PPRuNe Forums - View Single Post - Instructor standards falling?
View Single Post
Old 10th Sep 2008, 09:41
  #35 (permalink)  
IO540
 
Join Date: Jun 2003
Location: EuroGA.org
Posts: 13,787
Likes: 0
Received 0 Likes on 0 Posts
that's where one will be anyway after some 100 hours, if one sets ones mind to it .
Agreed, but the vast majority of PPLs don't ever make it to 100hrs.

Another statistic I read somewhere, purporting to come from the CAA, was that some 90% give up before reaching 100hrs TT. That is only ~ 40hrs post-PPL.

This has been debated here many times but IMHO the inadequate amount of instruction is the main factor responsible for most PPLs chucking it in. Admittedly a large % were never going to stay anyway (the xmas PPL gift students, those doing it as a personal challenge, those who need to save for a month for each lesson, etc) but that still leaves maybe half who might have done, had they not felt like they are standing at the edge of an abyss when holding their new piece of paper.

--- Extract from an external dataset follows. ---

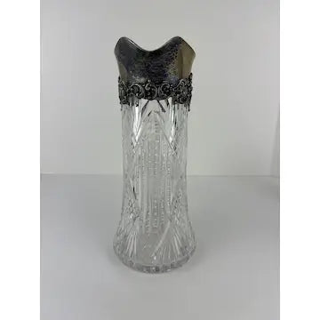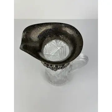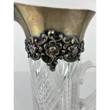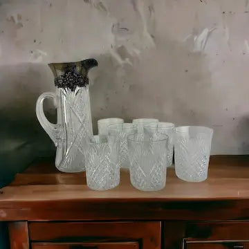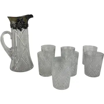 Antique Crystal Cut Silver Collared Claret Pitcher with Highball Glasses

To keep flying post-PPL, one needs a bit of a kick. Pre-PPL, the kick is the fact that you are not finished yet. Once you have the piece of paper, the old incentive is gone and may be replaced with some new one, which could be going places, or changing over to an aerobatic course. Going places is why I learnt to fly, but it does require a bit of a budget, a bit of time, and access to something reasonable.

I had my fair share of crap instructors but in retrospect that never held me back - knowing the constraints of the training system and the WW1 syllabus.

My 1st ever instructor told me he had only 150hrs, but he was very good. Some dreadful ones had thousands. Perhaps the best were the retired ATPs.